This figure shows the brain correlation maps for the smallest language model (GPT-2, 124M parameters) and the largest language model (Qwen1.5-14B, 14.2B parameters). The maps illustrate the difference in correlation (r-score) between the models’ predictions and the actual fMRI brain activity compared to a baseline model using random 1024-dimensional embeddings. The visualization reveals a more symmetrical pattern for the smaller model, while the larger model shows a clear left-hemisphere dominance for language processing. This difference highlights the emergence of left lateralization with increasing model complexity.

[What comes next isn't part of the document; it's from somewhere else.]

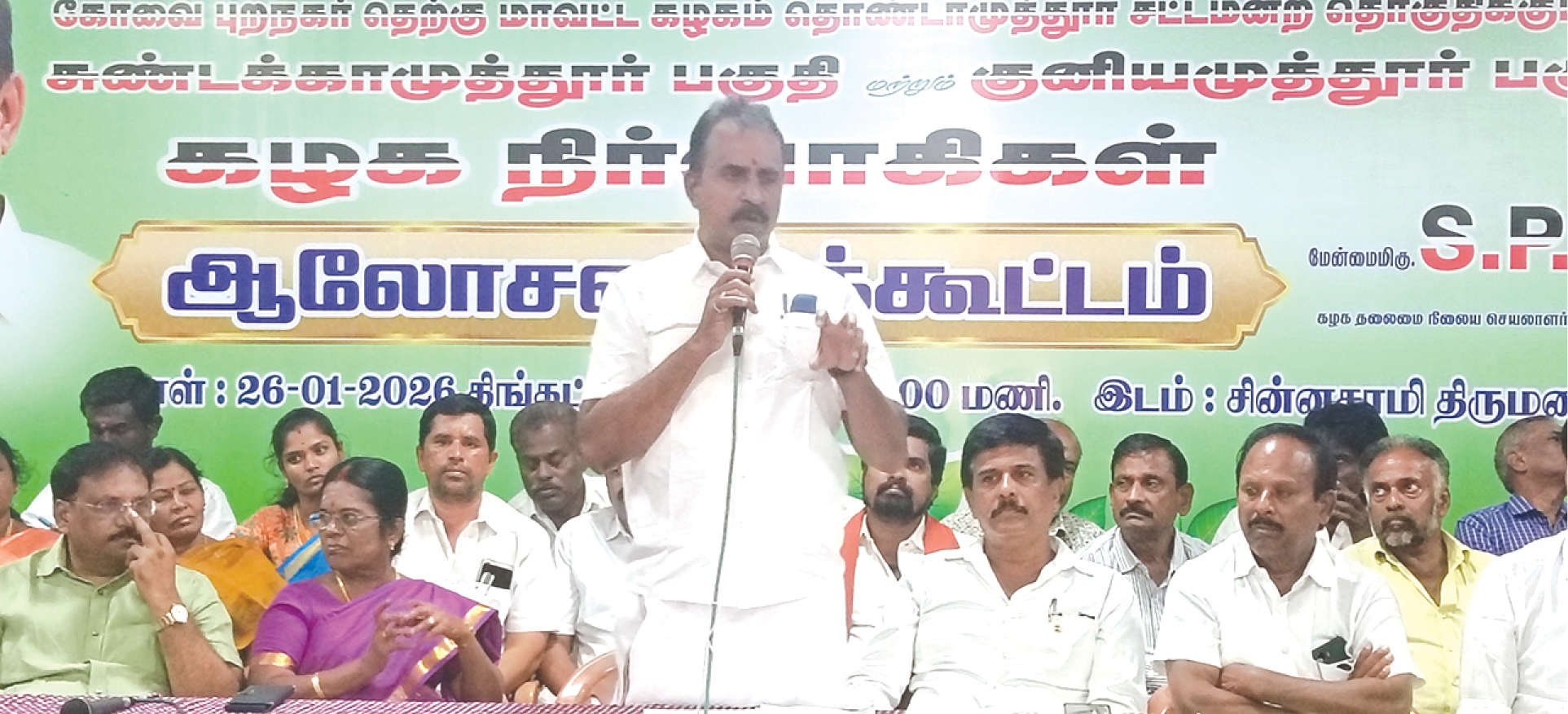 இந்தக் கூட்டங்களில் பங்கேற்ற எஸ்.பி.வேலுமணி, தேர்தல் பணிகளை களத்தில் எவ்வாறு முன்னெடுக்க வேண்டும் என்பது குறித்து விரிவாக ஆலோசனை வழங்கினார். குளத்துபாளையம் பகுதியில் நடைபெற்ற கூட்டத்தில் பேசிய அவர், கடந்த மூன்று மாதங்களாக எஸ்ஐஆர் பணிகளை சிறப்பாக மேற்கொண்ட நிர்வாகிகளை பாராட்டி கௌரவித்தார். தேர்தல் விரைவில் நடைபெறவுள்ளதால் அனைவரும் கூடுதல் கவனத்துடன் செயல்பட வேண்டும் என்றும் தெரிவித்தார்.

This figure shows brain correlation maps for two language models, one small (GPT-2) and one large (Qwen1.5-14B), in terms of their ability to predict fMRI brain activity. The difference in r-scores is shown, highlighting the increased correlation and asymmetry in the larger model relative to a baseline of random embeddings. The color scale represents the correlation between the model’s predictions and the observed brain activity.
This figure displays the relationship between the performance of language models on natural language tasks and their ability to predict fMRI brain activity. Panel (a) shows the correlation between brain activity and perplexity (a measure of model uncertainty) on the Wikitext-2 dataset. Panel (b) shows the correlation between brain activity and Hellaswag score (a measure of commonsense reasoning). Panel (c) focuses on the 10 largest models and shows the scaling relationship between model size and performance, and the relationship between model performance and brain correlation on both the Wikitext-2 and Hellaswag benchmarks.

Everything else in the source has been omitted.